» Dataset records:
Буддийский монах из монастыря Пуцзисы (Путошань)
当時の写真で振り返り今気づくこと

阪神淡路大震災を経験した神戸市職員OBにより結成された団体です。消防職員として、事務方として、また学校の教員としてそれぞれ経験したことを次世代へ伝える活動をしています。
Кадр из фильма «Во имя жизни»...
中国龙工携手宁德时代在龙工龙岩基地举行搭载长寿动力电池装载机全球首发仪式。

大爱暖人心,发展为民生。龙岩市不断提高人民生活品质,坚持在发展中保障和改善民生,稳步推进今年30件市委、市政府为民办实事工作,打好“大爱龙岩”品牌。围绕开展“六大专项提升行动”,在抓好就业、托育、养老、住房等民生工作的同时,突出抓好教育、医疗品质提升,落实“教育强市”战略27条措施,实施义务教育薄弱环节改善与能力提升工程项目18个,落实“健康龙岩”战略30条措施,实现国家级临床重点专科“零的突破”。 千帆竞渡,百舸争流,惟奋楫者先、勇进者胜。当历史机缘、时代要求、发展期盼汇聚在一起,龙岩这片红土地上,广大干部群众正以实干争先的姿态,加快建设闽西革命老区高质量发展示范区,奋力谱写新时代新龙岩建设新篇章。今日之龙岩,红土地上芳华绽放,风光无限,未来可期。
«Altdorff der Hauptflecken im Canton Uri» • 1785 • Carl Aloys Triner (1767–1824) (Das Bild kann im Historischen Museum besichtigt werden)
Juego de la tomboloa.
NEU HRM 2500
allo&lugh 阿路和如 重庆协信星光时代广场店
...
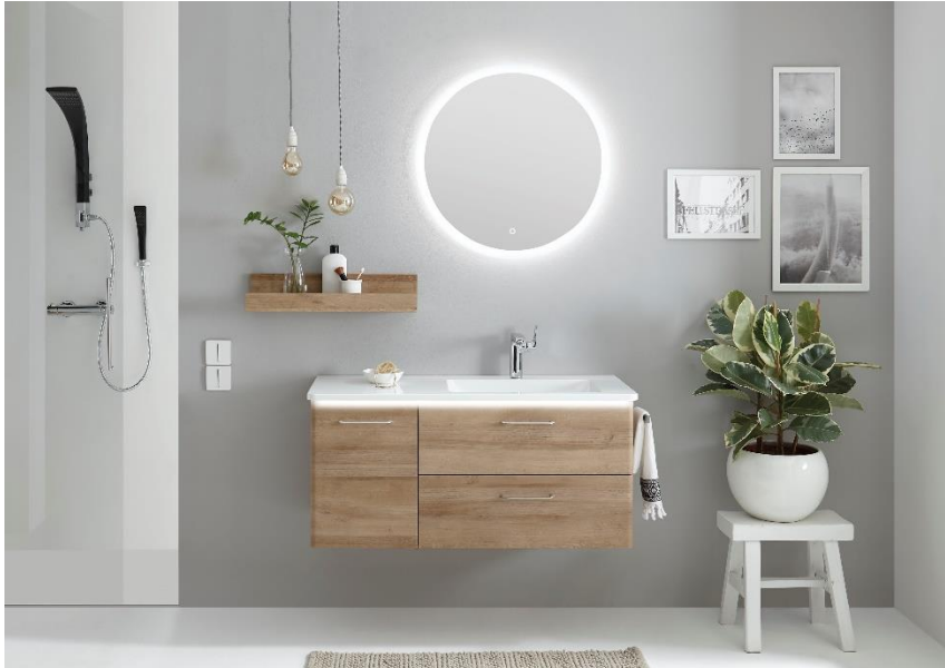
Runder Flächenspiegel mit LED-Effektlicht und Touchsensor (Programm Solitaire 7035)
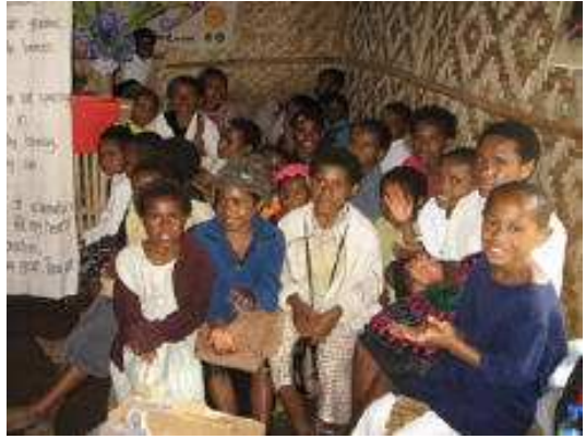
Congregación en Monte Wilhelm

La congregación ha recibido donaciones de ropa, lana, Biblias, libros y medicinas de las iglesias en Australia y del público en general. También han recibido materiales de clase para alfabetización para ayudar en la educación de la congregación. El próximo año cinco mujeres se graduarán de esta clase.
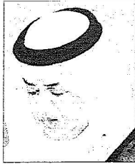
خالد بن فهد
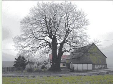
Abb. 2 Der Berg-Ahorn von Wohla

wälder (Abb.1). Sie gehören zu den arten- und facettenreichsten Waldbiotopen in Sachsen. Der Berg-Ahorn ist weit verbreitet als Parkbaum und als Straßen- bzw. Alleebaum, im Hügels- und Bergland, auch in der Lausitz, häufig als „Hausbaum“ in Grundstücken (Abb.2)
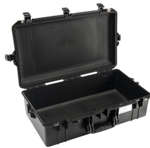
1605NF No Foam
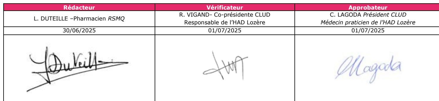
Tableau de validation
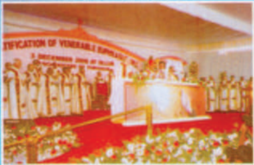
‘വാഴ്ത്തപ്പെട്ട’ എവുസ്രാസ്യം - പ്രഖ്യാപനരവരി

» Action item:
Among the entries above, locate the lines containing "Буддийский монах из" and "大爱暖人心,发展为民生。龙岩", and transcribe exactly those two lines and all lines between.

» Your solution:
Буддийский монах из монастыря Пуцзисы (Путошань)
当時の写真で振り返り今気づくこと

阪神淡路大震災を経験した神戸市職員OBにより結成された団体です。消防職員として、事務方として、また学校の教員としてそれぞれ経験したことを次世代へ伝える活動をしています。
Кадр из фильма «Во имя жизни»...
中国龙工携手宁德时代在龙工龙岩基地举行搭载长寿动力电池装载机全球首发仪式。

大爱暖人心,发展为民生。龙岩市不断提高人民生活品质,坚持在发展中保障和改善民生,稳步推进今年30件市委、市政府为民办实事工作,打好“大爱龙岩”品牌。围绕开展“六大专项提升行动”,在抓好就业、托育、养老、住房等民生工作的同时,突出抓好教育、医疗品质提升,落实“教育强市”战略27条措施,实施义务教育薄弱环节改善与能力提升工程项目18个,落实“健康龙岩”战略30条措施,实现国家级临床重点专科“零的突破”。 千帆竞渡,百舸争流,惟奋楫者先、勇进者胜。当历史机缘、时代要求、发展期盼汇聚在一起,龙岩这片红土地上,广大干部群众正以实干争先的姿态,加快建设闽西革命老区高质量发展示范区,奋力谱写新时代新龙岩建设新篇章。今日之龙岩,红土地上芳华绽放,风光无限,未来可期。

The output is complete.